In the first 3 months of 2010, the US FDA is expected to make a decision on marketing applications for several drugs that could advance treatment in their respective indications. Two of these drugs — a once-weekly glucagon-like peptide 1 (GLP1) agonist and an inhalable formulation of insulin — have potential safety concerns that could affect their approvability. Another, already approved drug may have its label expanded to treat hepatic encephalopathy, an area of unmet medical need.

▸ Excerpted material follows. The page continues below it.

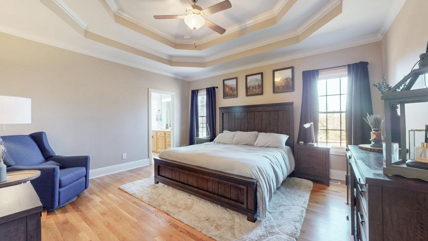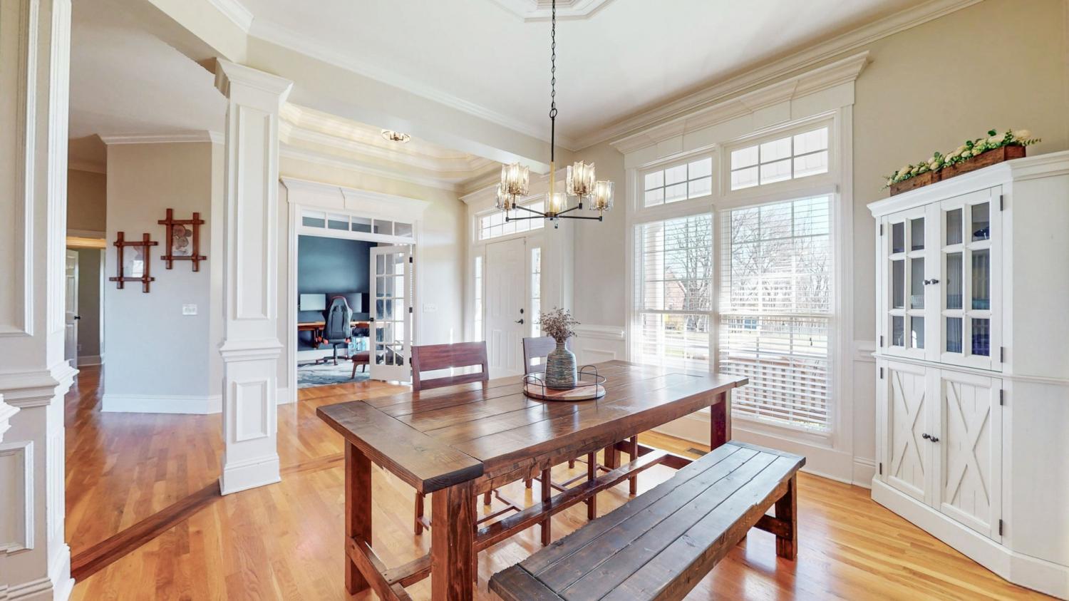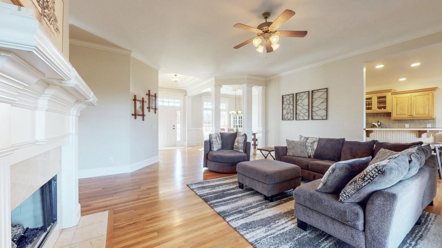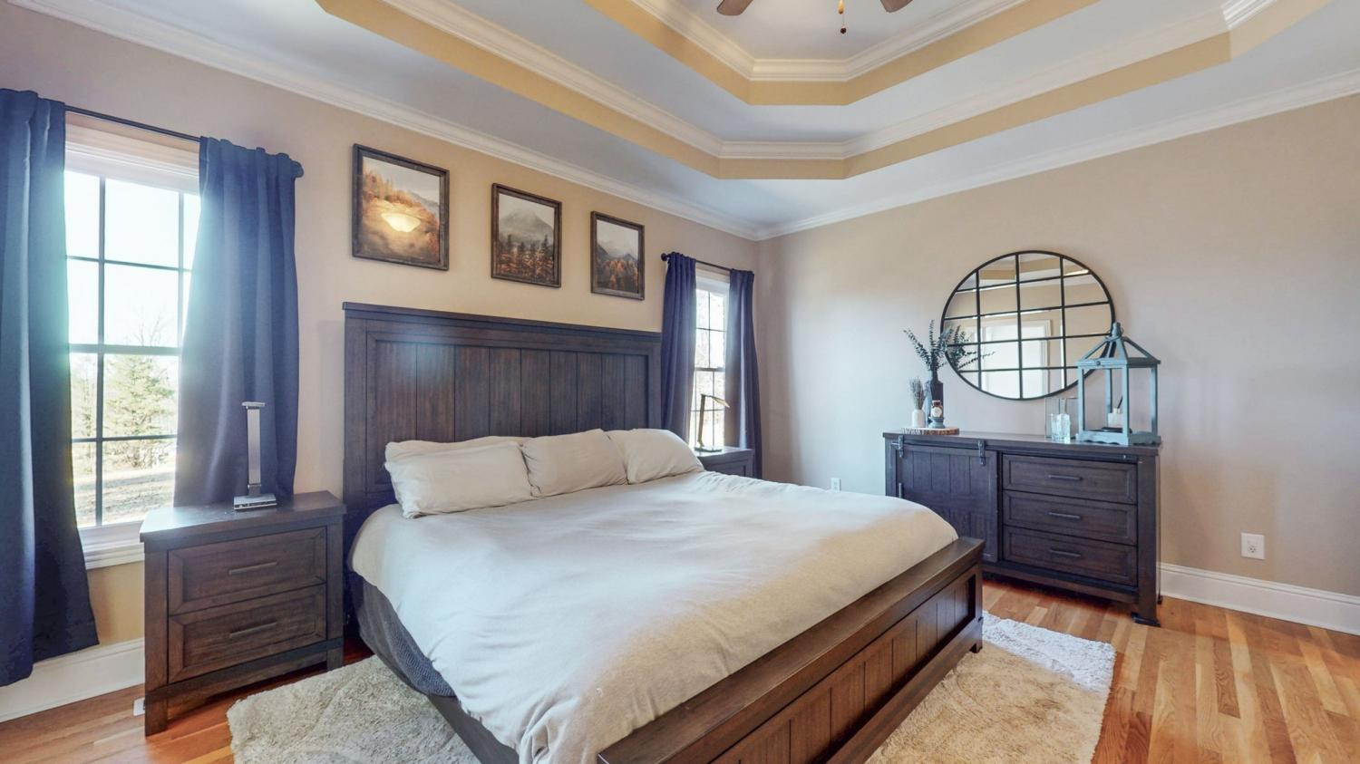 NO HOA!! Stunning property sitting on nearly 1 acre of usable open space in the sought-after Iroquois neighborhood in Lebanon. Built by a well-known builder and thoughtfully designed with high-end finishes throughout, this 3-bedroom, 2.5-bath home features a spacious bonus room over the 3-car garage—perfect for a media room, playroom, gym, or guest space. Inside, you’ll find an open-concept layout with extensive hardwoods, crown molding, tray ceilings, and custom trim details. A dedicated home office with French doors offers a quiet workspace, while the formal dining room showcases wainscoting and transom-topped windows. The great room anchors the home with a gas fireplace and seamlessly flows into the kitchen and breakfast area. The kitchen is built for everyday living and entertaining, featuring custom cabinetry, upgraded tile backsplash, recessed lighting, and under-cabinet lighting, plus generous prep and storage space. The breakfast nook includes hardwood flooring and a decorative tray ceiling. The owner’s retreat offers a true private escape with a spa-style bath including dual vanities, a jetted corner tub, a separate expanded tiled shower with built-in seating, and a large walk-in closet. Two additional main-level bedrooms are positioned in a split-bedroom layout for privacy and flexibility. Step outside to what truly sets this home apart: one of the largest lots in the neighborhood—nearly an acre—level, usable, and ideal for outdoor living, play, or future enhancements. A rare combination of space, privacy, and convenience in one of the area’s most desirable communities.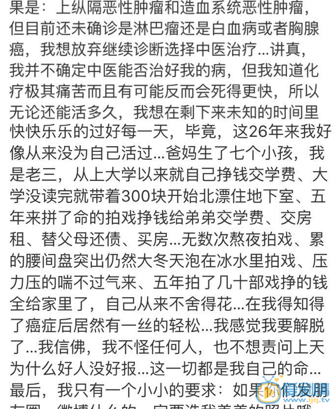 演員徐婷曾經出演過《老爸回家》《把愛帶回家》等劇。而此前,直到7月9日,徐婷才在微博上公開自己患病的事實,這條至今仍然置頂的微博寫到:“這些天我和我的家人都根本無法相信這個事實,包括現在我自己都還不敢相信這種事會發生在我的身上。”並透露,自己是家中七個小孩的老三,上大學以來就自己掙錢交學費,曾經帶著300塊錢開始了北漂住地下室的生涯。

Exenatide LAR (developed by Amylin/Lilly/Alkermes) is a once-weekly formulation of the approved subcutaneous GLP1 agonist exenatide (Byetta; Amylin/Lilly). Phase III trial results have demonstrated good blood sugar control and weight loss, especially in patients for whom metformin or sulphonylureas are not effective. A once-weekly formulation could enhance convenience and improve patient compliance, depending on the nature of the delivery device. As expected, exenatide LAR has a similar side-effect profile to Byetta. However, exenatide LAR produced thyroid C-cell cancers in rats, an effect that was statistically significant in females at the highest dose tested.

High rates of medullary thyroid cancer that were seen in preclinical studies of another long-acting GLP1 agonist, liraglutide (developed by Novo Nordisk), divided the experts on an advisory committee panel 6–6, with one abstention, in a vote on whether the cancer findings should preclude approval. The FDA is probably using the exenatide LAR preclinical data to help assess whether the observations for liraglutide are a class effect, and its stance on the issue will be clarified by the imminent (at the time of writing) approval decision for liraglutide, which could affect the entire long-acting GLP1 agonist class.

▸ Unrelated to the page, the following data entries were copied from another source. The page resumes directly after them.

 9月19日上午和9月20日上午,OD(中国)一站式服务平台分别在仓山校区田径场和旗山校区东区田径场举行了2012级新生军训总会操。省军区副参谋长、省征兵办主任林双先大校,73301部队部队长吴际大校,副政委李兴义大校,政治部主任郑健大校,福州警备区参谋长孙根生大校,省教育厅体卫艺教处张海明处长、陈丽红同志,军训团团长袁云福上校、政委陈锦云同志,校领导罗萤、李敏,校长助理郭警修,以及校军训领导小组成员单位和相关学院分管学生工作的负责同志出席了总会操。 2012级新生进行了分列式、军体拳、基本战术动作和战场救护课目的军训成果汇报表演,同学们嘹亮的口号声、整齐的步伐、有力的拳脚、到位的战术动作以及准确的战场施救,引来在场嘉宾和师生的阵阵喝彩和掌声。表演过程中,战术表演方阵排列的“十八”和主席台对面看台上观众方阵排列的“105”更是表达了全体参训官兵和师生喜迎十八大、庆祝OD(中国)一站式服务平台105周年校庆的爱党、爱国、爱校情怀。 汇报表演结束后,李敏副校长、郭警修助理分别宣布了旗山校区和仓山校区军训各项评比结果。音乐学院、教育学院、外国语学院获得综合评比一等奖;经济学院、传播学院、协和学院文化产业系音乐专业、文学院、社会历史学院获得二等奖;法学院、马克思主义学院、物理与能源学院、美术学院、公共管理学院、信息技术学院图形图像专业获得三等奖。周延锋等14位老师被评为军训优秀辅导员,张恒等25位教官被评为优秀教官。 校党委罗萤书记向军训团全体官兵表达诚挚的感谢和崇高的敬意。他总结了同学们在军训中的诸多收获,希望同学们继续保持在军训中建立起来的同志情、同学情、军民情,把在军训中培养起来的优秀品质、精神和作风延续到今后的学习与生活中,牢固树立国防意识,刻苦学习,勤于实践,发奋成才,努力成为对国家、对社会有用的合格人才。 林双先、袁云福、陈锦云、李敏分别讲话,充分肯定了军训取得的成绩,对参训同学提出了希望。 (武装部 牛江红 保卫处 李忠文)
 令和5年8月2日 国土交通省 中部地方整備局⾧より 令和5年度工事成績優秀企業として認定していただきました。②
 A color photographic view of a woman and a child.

Afresa, a fast-acting insulin inhaler that its developer Mannkind hopes could significantly reduce post-meal glucose fluctuations, faces similar problems. The slightly inferior efficacy of this inhaled formulation compared with injectable insulin should not affect its approvability, especially in type 2 diabetes. However, there are concerns that inhaled insulin could increase the risk of lung cancer, owing to an increased incidence of the disease in clinical trials of the inhaled insulin product, Exubera: 6 out of 4,740 patients treated with Exubera compared with 1 out 4,292 patients treated with comparators. Afresa has reportedly not shown such a discrepancy in its registration programme, but has not yet been as extensively tested as Exubera. The FDA approved Exubera in 2006, but this was before it knew about the potential cancer risk, and so it is unclear how the FDA regards this concern. Even if eventually approved, establishing a market for inhaled insulin could be challenging, as Exubera was withdrawn from the market after 1 year owing to poor sales.

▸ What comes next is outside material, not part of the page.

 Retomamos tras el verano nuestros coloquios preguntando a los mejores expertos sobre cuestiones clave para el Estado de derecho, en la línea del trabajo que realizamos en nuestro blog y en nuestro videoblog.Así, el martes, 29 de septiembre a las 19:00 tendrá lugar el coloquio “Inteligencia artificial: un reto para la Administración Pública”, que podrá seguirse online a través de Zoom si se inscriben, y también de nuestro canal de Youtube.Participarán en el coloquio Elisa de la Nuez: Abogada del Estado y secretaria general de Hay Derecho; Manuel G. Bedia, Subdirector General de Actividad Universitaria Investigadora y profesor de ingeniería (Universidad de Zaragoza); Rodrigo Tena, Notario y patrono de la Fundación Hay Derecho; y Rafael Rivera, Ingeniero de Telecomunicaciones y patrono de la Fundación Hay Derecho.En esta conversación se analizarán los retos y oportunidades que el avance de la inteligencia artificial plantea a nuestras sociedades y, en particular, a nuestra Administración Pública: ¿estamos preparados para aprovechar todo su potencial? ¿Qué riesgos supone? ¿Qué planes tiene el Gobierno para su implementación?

Another drug that is scheduled for review is rifaximin (Xifaxan; Salix Pharmaceuticals), an oral rifamycin-based, gut-selective antibiotic that is minimally absorbed systemically. Originally approved by the FDA in 2004 to treat traveller's diarrhoea, the application for its use in treating hepatic encephalopathy will be analysed by an advisory panel in February, ahead of an FDA approval decision that is anticipated in March. Patients with hepatic encephalopathy, a neuropsychiatric syndrome, are typically treated with diet modifications, lactulose or antibiotics. Lactulose is the most widely used agent but can severely affect the quality of life of the patient. Antibiotics with limited systemic absorption, such as neomycin and metronidazole, can also be used, but some drug absorption can still occur and produce serious toxicities. With a relatively benign adverse-event profile compared with other treatments for hepatic encephalopathy, it seems likely that rifaximin will become a valuable addition to treatment options.